> _Task to complete_
Everything below from the line with "書末還附有重點整理,將煩瑣的" through the line with "This glass and" should be copied exactly, and nothing else; leave out the pictures.
[Extracted records — start]
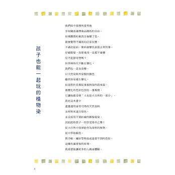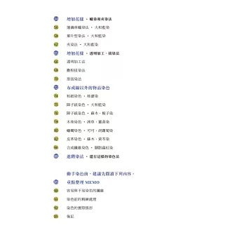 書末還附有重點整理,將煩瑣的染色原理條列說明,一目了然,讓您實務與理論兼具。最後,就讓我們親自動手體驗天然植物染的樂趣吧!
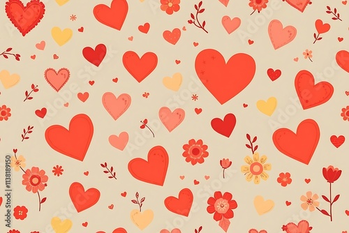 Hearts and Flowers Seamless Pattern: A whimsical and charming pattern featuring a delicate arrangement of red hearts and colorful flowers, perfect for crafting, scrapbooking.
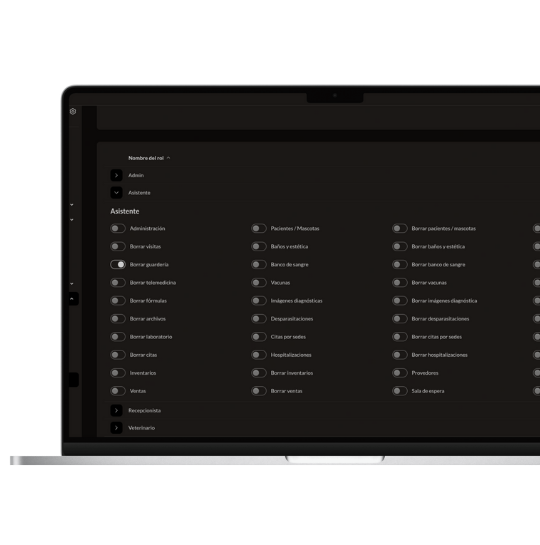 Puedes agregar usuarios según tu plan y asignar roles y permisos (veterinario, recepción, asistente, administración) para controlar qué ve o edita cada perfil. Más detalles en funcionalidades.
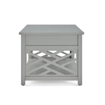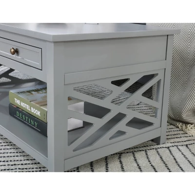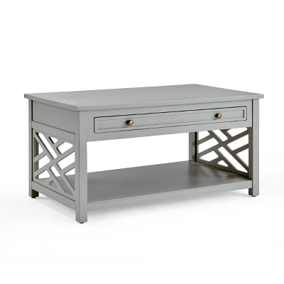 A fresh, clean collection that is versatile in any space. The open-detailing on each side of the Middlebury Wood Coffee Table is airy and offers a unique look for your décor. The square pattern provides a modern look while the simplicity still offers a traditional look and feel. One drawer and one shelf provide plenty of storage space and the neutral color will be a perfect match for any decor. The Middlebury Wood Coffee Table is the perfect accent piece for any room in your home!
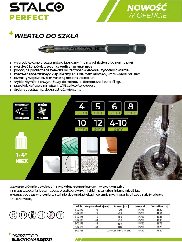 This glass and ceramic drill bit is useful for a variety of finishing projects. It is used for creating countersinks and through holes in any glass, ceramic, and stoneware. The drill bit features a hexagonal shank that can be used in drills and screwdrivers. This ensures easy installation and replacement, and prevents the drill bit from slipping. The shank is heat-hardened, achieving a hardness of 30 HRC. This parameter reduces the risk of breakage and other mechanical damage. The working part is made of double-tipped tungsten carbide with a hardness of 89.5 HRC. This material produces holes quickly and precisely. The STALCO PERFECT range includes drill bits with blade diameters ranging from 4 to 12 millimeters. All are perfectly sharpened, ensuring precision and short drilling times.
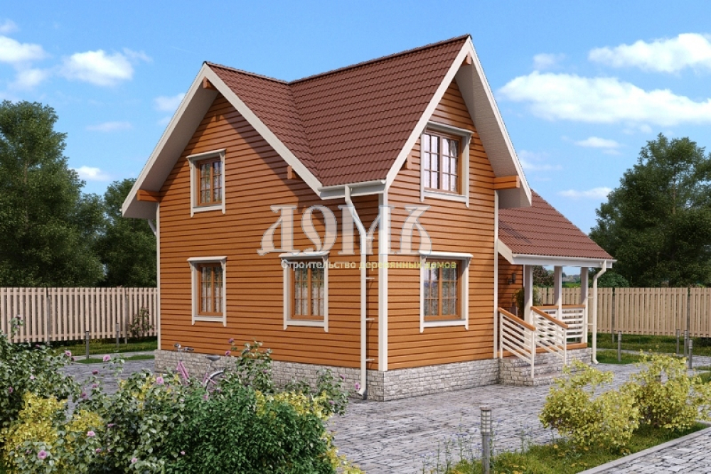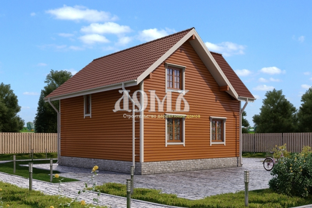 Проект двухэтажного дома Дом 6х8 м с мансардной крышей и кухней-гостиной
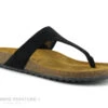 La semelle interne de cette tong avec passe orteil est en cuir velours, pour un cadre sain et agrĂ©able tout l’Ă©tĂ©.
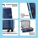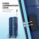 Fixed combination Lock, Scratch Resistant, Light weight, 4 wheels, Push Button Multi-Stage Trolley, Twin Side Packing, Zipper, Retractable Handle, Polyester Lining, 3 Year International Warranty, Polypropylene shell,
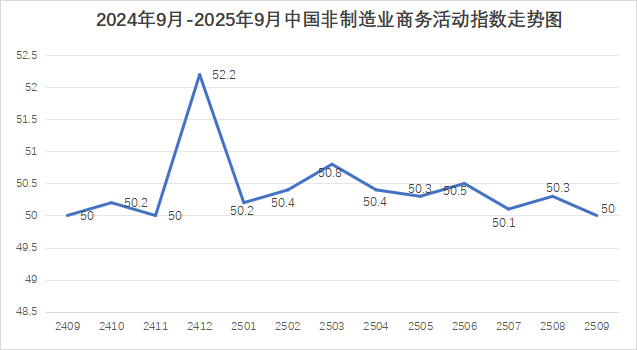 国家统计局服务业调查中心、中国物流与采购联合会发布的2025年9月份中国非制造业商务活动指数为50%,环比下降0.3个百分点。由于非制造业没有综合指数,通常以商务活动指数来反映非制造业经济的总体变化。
[Extracted records — finish]
[Extracted records — start]
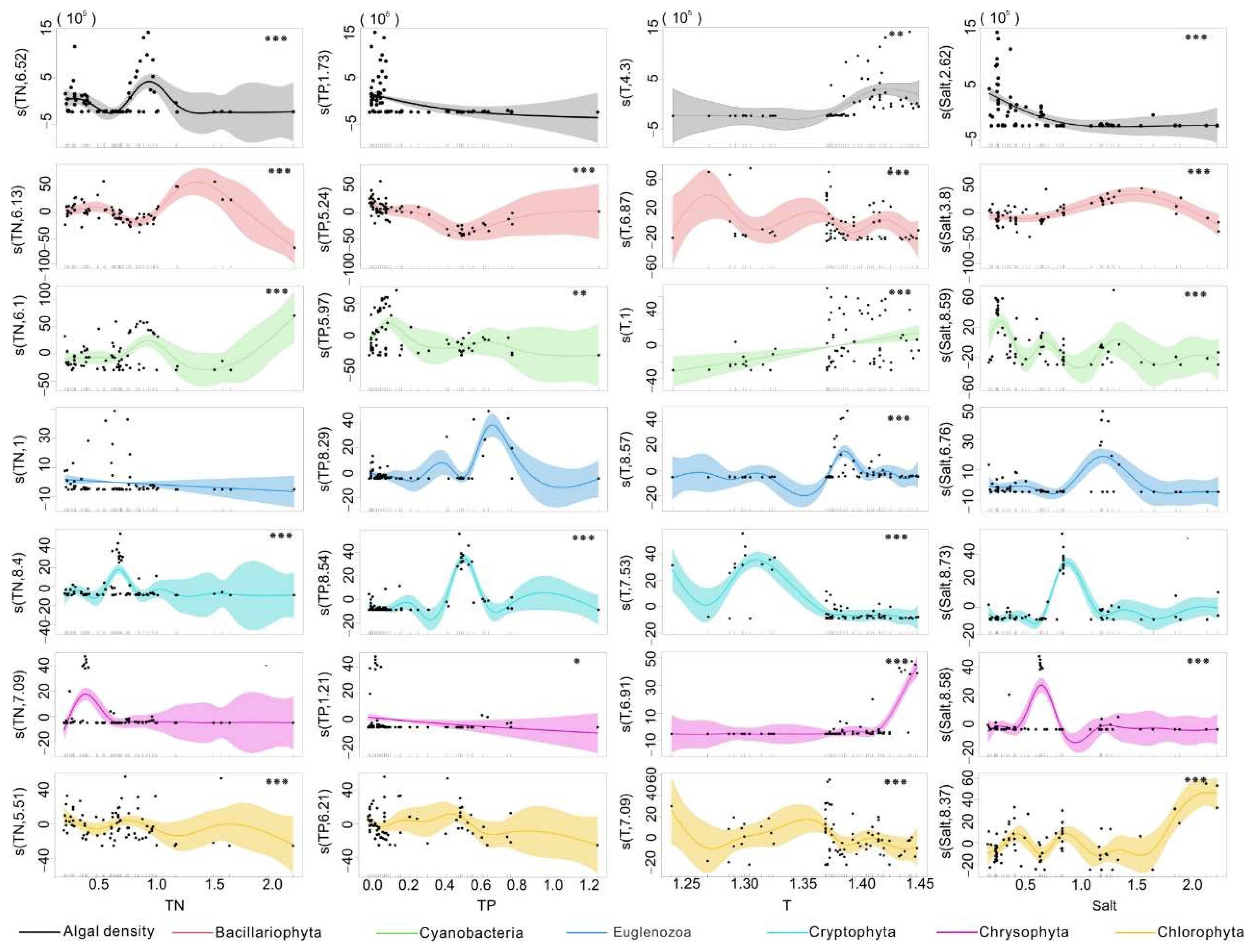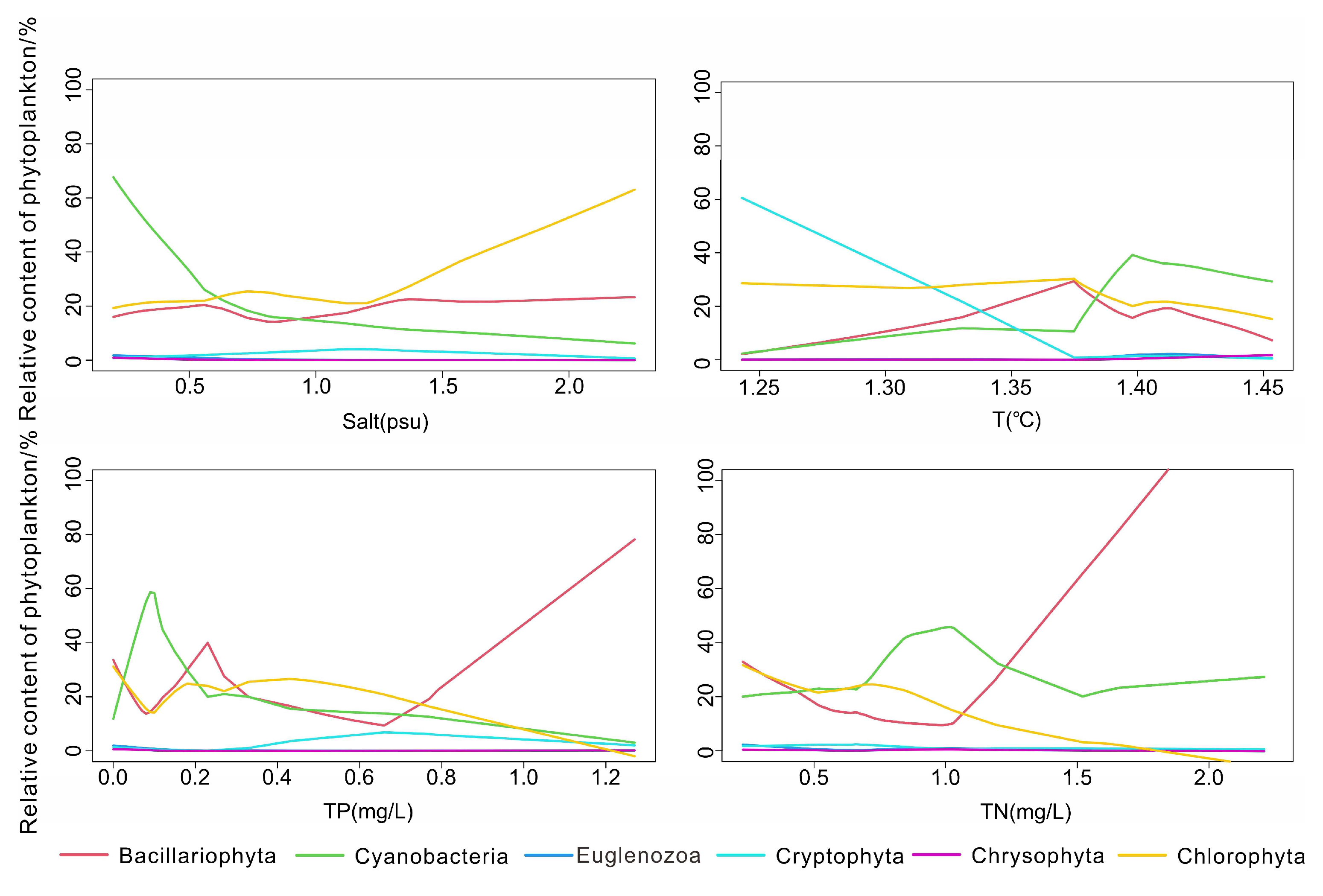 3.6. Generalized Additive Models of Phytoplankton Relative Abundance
[Extracted records — finish]
> _Exercise answer_
 書末還附有重點整理,將煩瑣的染色原理條列說明,一目了然,讓您實務與理論兼具。最後,就讓我們親自動手體驗天然植物染的樂趣吧!
 Hearts and Flowers Seamless Pattern: A whimsical and charming pattern featuring a delicate arrangement of red hearts and colorful flowers, perfect for crafting, scrapbooking.
 Puedes agregar usuarios según tu plan y asignar roles y permisos (veterinario, recepción, asistente, administración) para controlar qué ve o edita cada perfil. Más detalles en funcionalidades.
 A fresh, clean collection that is versatile in any space. The open-detailing on each side of the Middlebury Wood Coffee Table is airy and offers a unique look for your décor. The square pattern provides a modern look while the simplicity still offers a traditional look and feel. One drawer and one shelf provide plenty of storage space and the neutral color will be a perfect match for any decor. The Middlebury Wood Coffee Table is the perfect accent piece for any room in your home!
 This glass and ceramic drill bit is useful for a variety of finishing projects. It is used for creating countersinks and through holes in any glass, ceramic, and stoneware. The drill bit features a hexagonal shank that can be used in drills and screwdrivers. This ensures easy installation and replacement, and prevents the drill bit from slipping. The shank is heat-hardened, achieving a hardness of 30 HRC. This parameter reduces the risk of breakage and other mechanical damage. The working part is made of double-tipped tungsten carbide with a hardness of 89.5 HRC. This material produces holes quickly and precisely. The STALCO PERFECT range includes drill bits with blade diameters ranging from 4 to 12 millimeters. All are perfectly sharpened, ensuring precision and short drilling times.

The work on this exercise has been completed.